Home / uang / Menjaga Pasar Keuangan, Bank Indonesia Berkomunikasi secara rutin dengan Investor

Menjaga Pasar Keuangan, Bank Indonesia Berkomunikasi secara rutin dengan Investor

Warta.top – Gubernur Bank Indonesia (BI) Perry Warjiyo mengatakan, pihaknya terus berupaya agar pasar keuangan Indonesia tetap menarik bagi investor di tengah kepanikan pandemi korona. Salah satu cara untuk melakukan ini adalah dengan melakukan komunikasi rutin dengan investor.

“Sejak minggu lalu, kami telah melakukan telekonferensi dengan investor dan dengan Kementerian Keuangan, termasuk Wakil Menteri Keuangan, melakukan telekonferensi, dan saya juga melakukannya. Dan nanti sore ini juga. Nanti, banyak investor juga akan bergabung nanti,” dia berkata. Jakarta, Kamis (26/3).

Melalui komunikasi ini, bank sentral mencoba menjelaskan sejumlah langkah yang telah diambil untuk menjaga perekonomian. Tidak hanya itu, Bank Indonesia juga meyakinkan investor bahwa selalu ada di pasar keuangan.

“Kami memberi mereka kepercayaan, mereka juga memiliki kepercayaan terhadap kondisi ekonomi Indonesia, dan tentu saja mereka tidak dapat disalahkan dengan persepsi mereka, tidak dapat disalahkan karena ini juga seorang pengusaha di dunia, para investor panik. Jadi, fenomena dana asing keluar terjadi tidak hanya di Indonesia, “kata Perry.

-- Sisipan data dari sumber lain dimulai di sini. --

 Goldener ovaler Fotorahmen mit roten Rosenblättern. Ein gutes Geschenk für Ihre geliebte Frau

Upaya ini disambut baik oleh investor. Saat ini, beberapa investor sudah mulai membeli aset keuangan, baik saham, Surat Berharga Negara (SBN), meski belum cukup besar.

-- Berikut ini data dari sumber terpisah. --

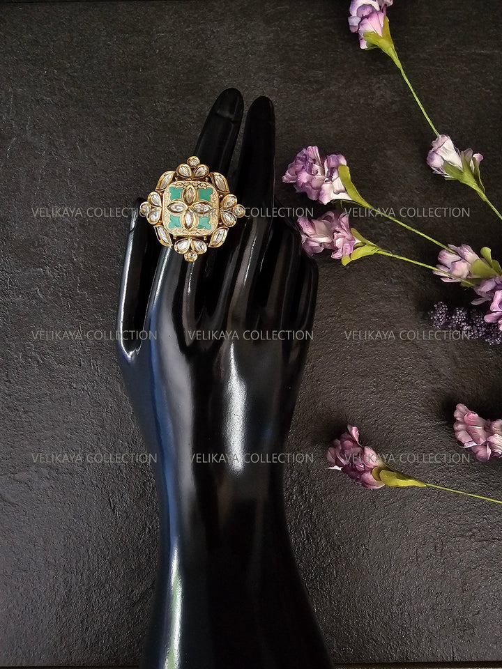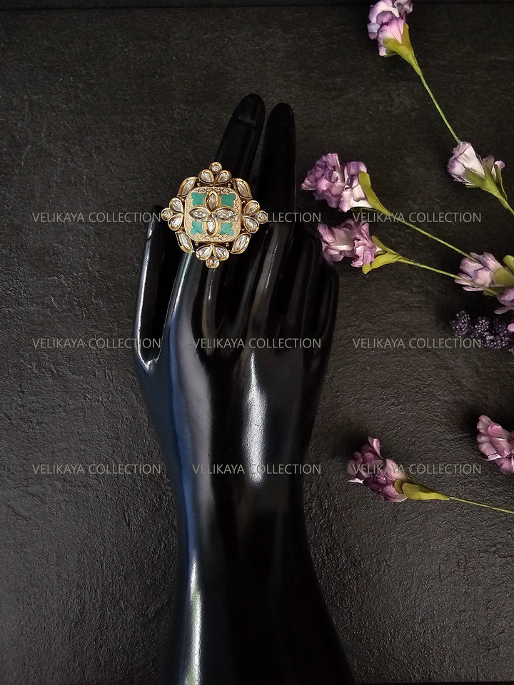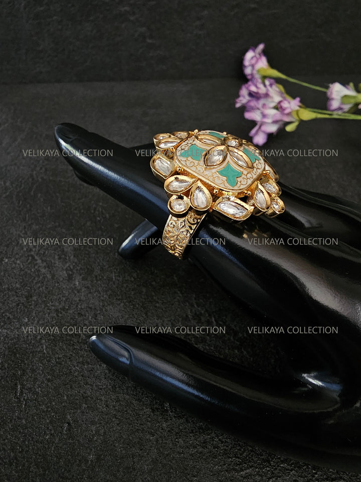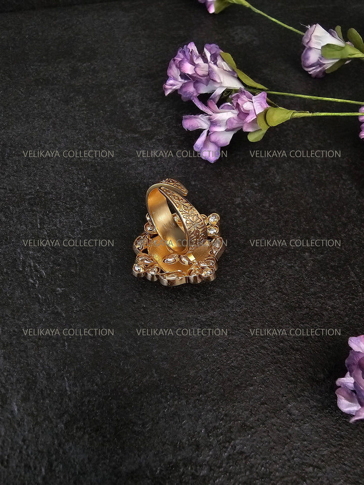 Adjustable kundan meenakari ring with matte gold plating and clear stones. Stones that shine so bright they rival real polki diamonds. Clean, expert craftsmanship that makes this ring stand out from other cheap imitations.

“Tampaknya hari ini kita melihat beberapa investor mulai membeli aset keuangan, baik saham, SBN, meskipun mereka tidak besar. Ini menunjukkan bahwa kepanikan sudah berakhir dan bagaimana kita mengelola ekonomi,” jelasnya.

1 dari 1 halaman

Persediaan uang tunai

Gubernur Bank Indonesia, Perry Warjiyo, mengatakan bahwa bank sentral memiliki stok uang tunai sebesar Rp450 triliun, atau cukup untuk 6 bulan ke depan. Pernyataan itu untuk menjawab kekhawatiran berbagai pihak terkait kurangnya uang tunai di tengah pandemi virus korona.

“Stok kami lebih dari cukup, cukup untuk memenuhi hampir 6 bulan kebutuhan. Itu sekitar Rp450 triliun. Jadi masyarakat, kami memastikan kami memiliki stok yang cukup dan kerjasama dengan sistem keuangan industri perbankan,” katanya di Jakarta. , Kamis (26/3).

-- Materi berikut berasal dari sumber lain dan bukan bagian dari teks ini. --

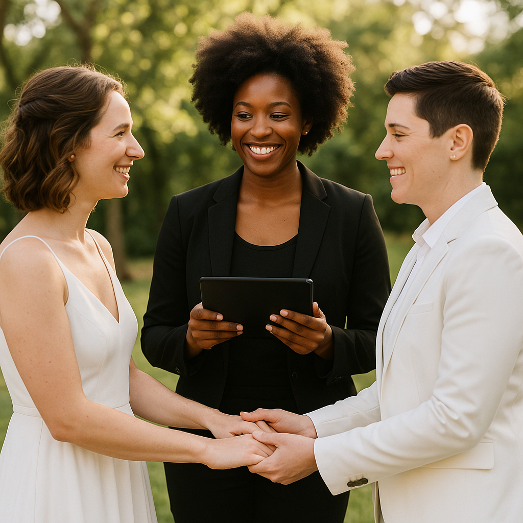 A streamlined yet heartfelt option for couples who want a beautiful, no-fuss ceremony. This package includes your choice of a pre-written ceremony script template, the exchange of vows and rings, and a keepsake personalized marriage certificate to commemorate your day.

Perry mengatakan, sejak awal Maret, Bank Indonesia telah mulai mengganti uang di ATM dengan inventaris terbaru yang telah dikarantina. Selain itu, ia juga segera mengkarantina ketika ia menerima uang dari bank.

“Kami telah bekerja sama dengan bank. Kami telah meningkatkan pasokan uang di ATM dengan uang baru, bahkan sejak awal Maret. Kami juga memiliki satuan tugas untuk menentukan masa darurat hingga 29 Mei. Kami juga telah mengkarantina uang yang disimpan oleh bank , “jelasnya.

Meski memiliki stok yang memadai, Bank Indonesia tetap mendesak masyarakat untuk menggunakan transaksi nontunai. Karena, dengan menggunakan transaksi non tunai, komunitas dapat membantu mengurangi penyebaran Covid-19.

“Jadi saat ini, mari kita gunakan hak non tunai, lebih cepat, lebih efisien, gunakan uang elektronik, gunakan mobile banking, gunakan internet banking. Dan jangan lupa untuk menggunakan QRIS yang kami kampanye,” jelasnya.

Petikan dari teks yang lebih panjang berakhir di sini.